By the way, note, as I marked with a [**], that sometimes a so called SIMD GPGPU compiler can generate code that wil run on both CPUs and GPUs. I.e. a SIMD compiler can generate code that uses CPU SIMD instructiin sets.

But GPUs themselves have special hardware support that runs this SIMD code, appropriately compiled, much faster than it can run on the CPU using CPU SIMD instructions. Most importantly, the GPUs have many more execution units - e.g. a CPU like AMD Bulldoser has 2 sets of 128-bit-wide FMACS, i.e. is capable of doing 8 FMACs per cycle. Times the number of CPUs on a chip - say 8 - giving you maybe 64 per cycle. Whereas a modern GPU may have 2,048 32b FMACs every cycle. Even if running at 1/2 or 1/4 the clock rate, that's a big difference.

How can the GPUs have so much more hardware? Well, first, they are usually bigger chips than the CPU. But, also, they tend not to spend (some say "waste") hardware on things like big caches and out-of-order execution that CPUs spend it on. CPUs try to make one or a few computations fast, whereas GPUs do many computations in parallel, but individually slower than the CPU. Still, the total number of computations that the GPU can do per second is much higher than a CPU can do.

The FGPUs have other hardware optimizations. For example, they run many more threads than a CPU. Whereas an Intel CPU has 2 hyperthreads per CPU, giving you 16 threads on an 8 CPU core chip, a GPU may have hundreds. And so on.

Most interesting to me as a computer architect, many GPUs have special hardware support for SIMD control flow. They make manipulating those masks much more efficient than on a CPU running SSE.

And so on.


Anyway, I hope that I have made my point

  • While you do have to write SIMD code to run on a GPGPU system (like OpenCL).

  • You should not confuse this sort of SIMD with the SIMD code you have to write to take advantage of Intel SSE.

It's much cleaner.

More and more compilers are allowing the same code to run on both DCPU and GPU. I.e. they are increasingly supporting the clean "real SIMD" coding style, rather than the fake "pseudo-SIMD" coding style that has been necessary to take advantage of MMX and SSE and AVX up til now. This is good - such code is equally "nice" to program on both CPU and GPU. But the GPU often runs it much faster. There's a paper by Intel called "Debunking the 100X GPU vs. CPU myth: an evaluation of throughput computing on CPU and GPU", http://www.hwsw.hu/kepek/hirek/2010/06/p451-lee.pdf. It says GPUs are "only" 2.5X faster on average. But that's after a lot of aggressive optimization. The GPU code is often easier to write. And I don't know about you, but I think "only" 2.5X faster is not that much to sneeze at. Especially since the GPGPU code is often easier to read.

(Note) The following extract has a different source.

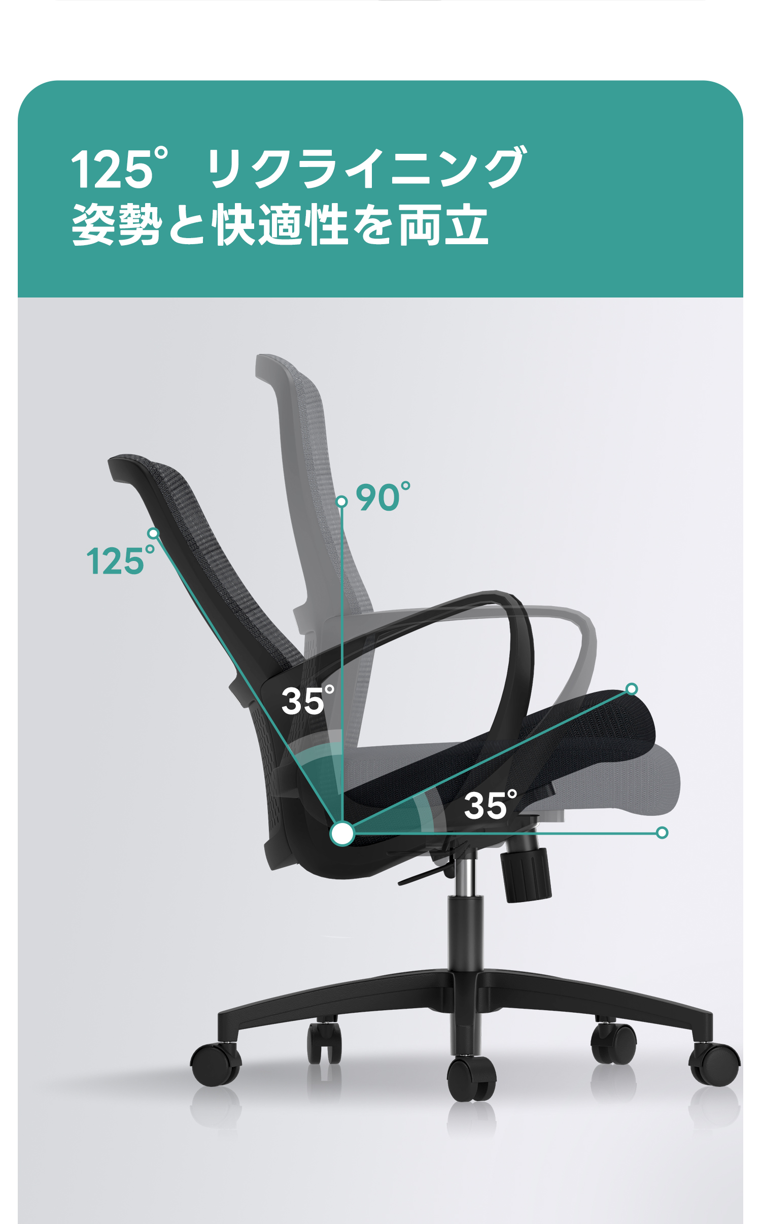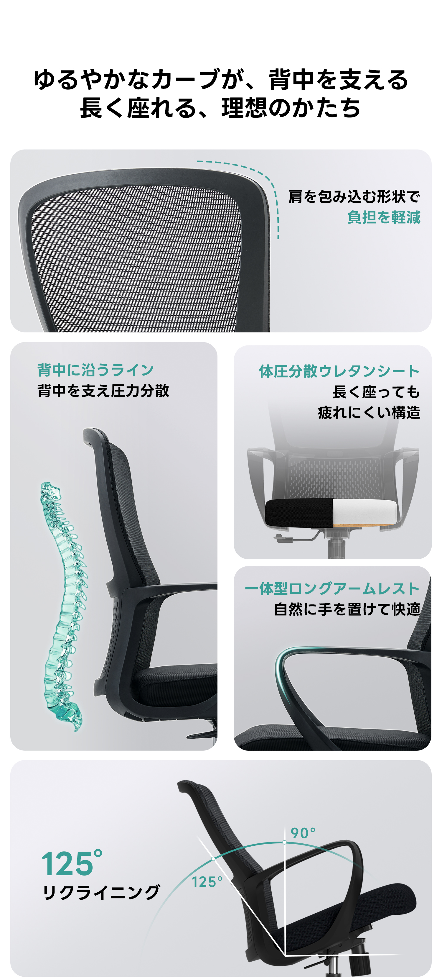 - 【快適な使用体験】:125°までリクライニング可能で、個々の好みに合わせて最適な座り心地を実現します。一体型ロングアームレストが自然に腕をサポートし、快適な作業をサポートします。
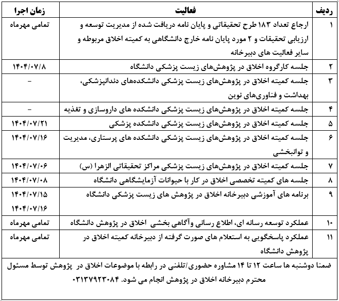 گزارش عملکرد دبیرخانه اخلاق در پژوهش های زیست پزشکی؛ مهرماه 1404

Now, there's no free lunch. If your code is naturally data parallel, great. But some coede is not. That can be a pain.

And, like all machines, GPUs have their quirks.

But if your code is naturally data parallel, you may get great speedups, with code that is much more readable.

I'm a CPU designer. I expect to borrow lots of ideas from GPUs to male CPUs run faster, and vice versa.